Meet the Need (MTN), a crisis center in Missouri, opened in 2004 with $40 in assets. A thrift store and flea-market onsite pay for the organization’s hard costs, while volunteers and donations run the assistance center that connects clients with crisis resources.

“We have an amazing group of volunteers—about 50 people who show up every month, some of them coming 2-3 times per week,” said Kris Peoples, the organization’s founder and Executive Director.

In March 2017, IFF, a Midwest CDFI that specifically lends to nonprofits, closed a new loan to finance a café onsite of MTN’s facility. The café will target MTN clients, people visiting patients at nearby Excelsior Springs Hospital, and surrounding community members who have few healthy food options.

But IFF was there, too, when an expansion like this couldn’t have been possible.

Since 2004, MTN rented its facility, and operated as it still does, with volunteers. After its strongest financial year to date in 2009, Meet the Need acquired its facility when IFF financed the purchase.

“Back then, the building was not in great shape, but it was all we could afford.” Peoples said. “There was this guy going around town buying cheap properties for cash, and we knew that if he got our property we wouldn’t be able to afford anything else. I called normal banks, and they all wanted 20 percent down, and there was just no way we could do that.”

The $309,000 loan closed in July 2009, but just three months later, tragedy struck. A fire destroyed all but 3,000 square feet of the building. More than 60 percent of MTN’s income came from the thrift shop and flea market, and that had just burnt to the ground.
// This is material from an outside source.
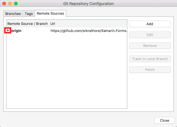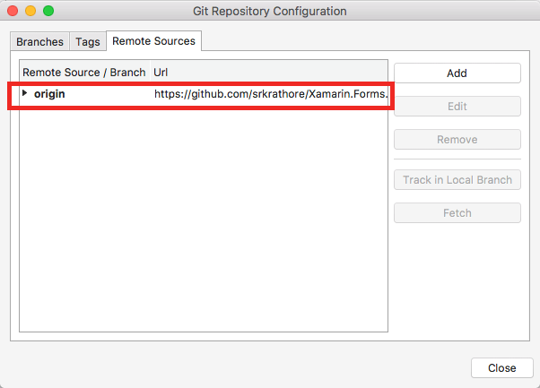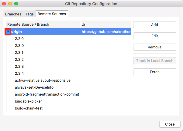 ‘Remote Sources’ tab will show the origin collapsed in Remote Source / Branch with URL, as below.

True to the grassroots nature of MTN, local media coverage of the fire prompted donations and offers of in-kind construction services. But even after these contributions, and MTN obtained the maximum amount of insurance, the relatively low-value building just didn’t generate enough to pay for the necessary substantial repairs.

Kirby Burkholder, IFF Vice President and Executive Director for the Eastern Region, worked with Peoples on the 2009 acquisition loan and came back to work on a new construction loan to rebuild after the fire.

for MTN and Peoples, “IFF was big, yet seemed small enough to understand us individually. Kirby fought for me, and IFF played a huge, huge part in being willing to have such good terms that even somebody small like us could access financing.”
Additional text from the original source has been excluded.